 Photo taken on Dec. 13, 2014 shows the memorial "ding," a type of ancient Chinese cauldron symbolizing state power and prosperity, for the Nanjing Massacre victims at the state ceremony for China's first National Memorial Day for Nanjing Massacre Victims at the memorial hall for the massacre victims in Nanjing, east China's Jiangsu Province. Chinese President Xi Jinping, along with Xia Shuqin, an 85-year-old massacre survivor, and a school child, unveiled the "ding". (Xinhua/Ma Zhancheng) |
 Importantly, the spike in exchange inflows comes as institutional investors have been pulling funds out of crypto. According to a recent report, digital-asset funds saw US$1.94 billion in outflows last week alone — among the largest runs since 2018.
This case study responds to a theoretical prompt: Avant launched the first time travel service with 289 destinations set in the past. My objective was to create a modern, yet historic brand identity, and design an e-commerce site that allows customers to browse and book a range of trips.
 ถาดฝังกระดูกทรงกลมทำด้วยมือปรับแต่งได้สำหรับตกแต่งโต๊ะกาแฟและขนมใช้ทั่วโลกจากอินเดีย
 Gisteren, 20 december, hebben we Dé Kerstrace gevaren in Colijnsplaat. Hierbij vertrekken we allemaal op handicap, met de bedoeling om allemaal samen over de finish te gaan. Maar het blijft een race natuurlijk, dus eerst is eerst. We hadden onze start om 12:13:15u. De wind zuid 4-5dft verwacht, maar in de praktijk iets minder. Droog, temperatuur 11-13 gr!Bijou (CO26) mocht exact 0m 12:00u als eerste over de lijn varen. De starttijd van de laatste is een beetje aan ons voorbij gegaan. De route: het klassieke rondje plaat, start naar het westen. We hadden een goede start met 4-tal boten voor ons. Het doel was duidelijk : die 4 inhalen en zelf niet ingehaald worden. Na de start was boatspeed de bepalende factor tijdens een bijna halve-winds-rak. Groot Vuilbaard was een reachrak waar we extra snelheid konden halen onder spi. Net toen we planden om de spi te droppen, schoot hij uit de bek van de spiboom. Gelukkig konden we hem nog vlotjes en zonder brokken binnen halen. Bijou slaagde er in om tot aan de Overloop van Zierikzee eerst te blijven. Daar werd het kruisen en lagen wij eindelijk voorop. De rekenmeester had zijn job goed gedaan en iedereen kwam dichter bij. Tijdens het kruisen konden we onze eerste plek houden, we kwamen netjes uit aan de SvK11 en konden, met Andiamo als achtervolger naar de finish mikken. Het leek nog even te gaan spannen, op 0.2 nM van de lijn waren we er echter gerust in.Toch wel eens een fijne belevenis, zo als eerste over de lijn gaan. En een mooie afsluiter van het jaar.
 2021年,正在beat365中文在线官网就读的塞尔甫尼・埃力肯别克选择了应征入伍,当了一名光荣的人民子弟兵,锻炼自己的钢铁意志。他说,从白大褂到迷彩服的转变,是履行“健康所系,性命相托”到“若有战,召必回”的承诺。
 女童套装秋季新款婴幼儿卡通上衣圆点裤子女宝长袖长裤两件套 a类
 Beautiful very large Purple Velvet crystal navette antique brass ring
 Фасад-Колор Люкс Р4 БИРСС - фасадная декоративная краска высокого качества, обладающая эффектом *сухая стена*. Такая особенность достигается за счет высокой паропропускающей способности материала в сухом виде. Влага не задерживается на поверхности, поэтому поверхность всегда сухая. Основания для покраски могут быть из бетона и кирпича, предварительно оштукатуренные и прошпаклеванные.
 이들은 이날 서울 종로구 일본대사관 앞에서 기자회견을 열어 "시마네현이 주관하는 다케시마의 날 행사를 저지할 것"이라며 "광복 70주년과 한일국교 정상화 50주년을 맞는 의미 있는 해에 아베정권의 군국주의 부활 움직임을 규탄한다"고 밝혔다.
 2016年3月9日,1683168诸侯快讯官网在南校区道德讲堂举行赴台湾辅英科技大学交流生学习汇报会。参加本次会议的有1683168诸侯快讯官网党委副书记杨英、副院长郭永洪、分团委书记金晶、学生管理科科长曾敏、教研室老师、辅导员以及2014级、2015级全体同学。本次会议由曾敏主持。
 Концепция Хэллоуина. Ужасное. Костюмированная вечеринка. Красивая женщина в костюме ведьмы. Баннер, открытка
==*==
Return all lines of the material above in which the word "first" occurs.

 Photo taken on Dec. 13, 2014 shows the memorial "ding," a type of ancient Chinese cauldron symbolizing state power and prosperity, for the Nanjing Massacre victims at the state ceremony for China's first National Memorial Day for Nanjing Massacre Victims at the memorial hall for the massacre victims in Nanjing, east China's Jiangsu Province. Chinese President Xi Jinping, along with Xia Shuqin, an 85-year-old massacre survivor, and a school child, unveiled the "ding". (Xinhua/Ma Zhancheng) |
This case study responds to a theoretical prompt: Avant launched the first time travel service with 289 destinations set in the past. My objective was to create a modern, yet historic brand identity, and design an e-commerce site that allows customers to browse and book a range of trips.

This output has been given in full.